The New Congress Wants to End the War on Science
(Bloomberg Businessweek) -- Since 2017, the Environmental Protection Agency has been scrubbing its websites of information related to climate change. The agency took its main climate change website offline in April 2017, and systematically deleted the term “climate change” from sites on which the concept had been discussed. The agency also eliminated the role of science advisor, proposed new guidelines that would severely limit the agency’s ability to craft scientifically sound regulations, and disbanded two panels of air pollutant experts—at a time when the EPA is also reviewing its emissions policies.
But the House Science, Space and Technology Committee, which has jurisdiction over the EPA, will soon be in new hands. Democrats won back control of the chamber in the midterm elections, and they’re ready to fight. On Nov. 6, the day of the vote, Eddie Bernice Johnson, the ranking Democrat widely expected to become the committee’s next chair, issued a statement promising to protect “scientific enterprise from political and ideological attacks,” even if it means directly challenging the president. “We’ve gotten way off course by trying to stifle researchers and their research,” Johnson later said in an email to Bloomberg Businessweek. “I intend to get us back on track.”
She faces an uphill and largely lonely battle. Under the Trump administration, many federal agencies have already removed, redacted, or discontinued collecting an enormous amount of data on topics ranging from violent crime to animal welfare. Gone from the internet are training manuals for Immigration Services employees tasked with vetting asylum seekers, and documents designed to help the National Park Service deal with issues such as sea level rise. The Department of the Interior last year scrapped two ongoing studies, one on the health effects of “mountaintop mining” and another on oil rig workers’ safety. Action can’t be taken if no one knows what needs to be done. The White House did not respond to a request for comment.
“You’re seeing reports of data being removed in piecemeal fashion,” says Michael Gusmano, a health-care policy research scholar at the Hastings Institute, an independent bioethics research institute. “But if you pull them all together, there is a pattern of systematically eliminating information—or the posting of that information—by government agencies that, in my view, is part of a broader strategy, a desire to change the role of the federal government with regard to the dissemination of facts.”
Databases and wonky policy reports rarely inspire attention-grabbing headlines. But counting, measuring, and comparing the myriad social, economic and scientific minutiae of the country is one of the most fundamental services the federal government provides. More than 125 government agencies are dedicated to collecting and disseminating information; 13 of them focus primarily on statistics. They log everything from the amount of oil produced in the U.S. each year to how many fatal car accidents occurred in 2016 in Maine. (That would be 161.)
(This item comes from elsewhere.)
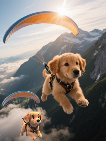 软3D风充气小狗,蓝天白云背景,可爱卡通感十足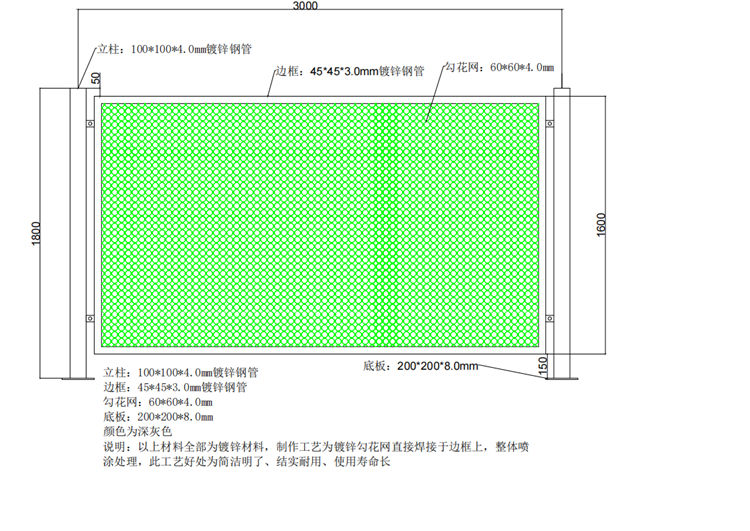 2、边框规格45*45*3.0mm镀锌钢管。

This information is vital to policymakers. “States and agencies rely on federal information. They use it to know where to put roads so they don’t flood, or how to protect people from potential pandemics,” says Michael Halpern, deputy director at the Union of Concerned Scientists, a nonprofit that advocates for scientifically informed government policies. “Overall, what we’re seeing is a low-information approach to government.”
Agencies that have adopted this new antagonistic attitude toward information have two different possible approaches to making it harder to find. The first is simple: just stop collecting it. For example, last year, the Office of Management and Budget scrapped an Obama-era rule that would have required businesses to report employees’ salaries to the government, broken down by race and gender. That way, the Equal Employment Opportunity Commission would know if businesses had systemic pay gaps based on gender. With the rule rescinded, the department won’t know if or when companies skirt the law prohibiting pay discrimination. At the time, the OMB wrote in a memo to the EEOC that it was “concerned” about aspects of the rule, including its potential to infringe corporate confidentiality and the “practical utility” of the data collected.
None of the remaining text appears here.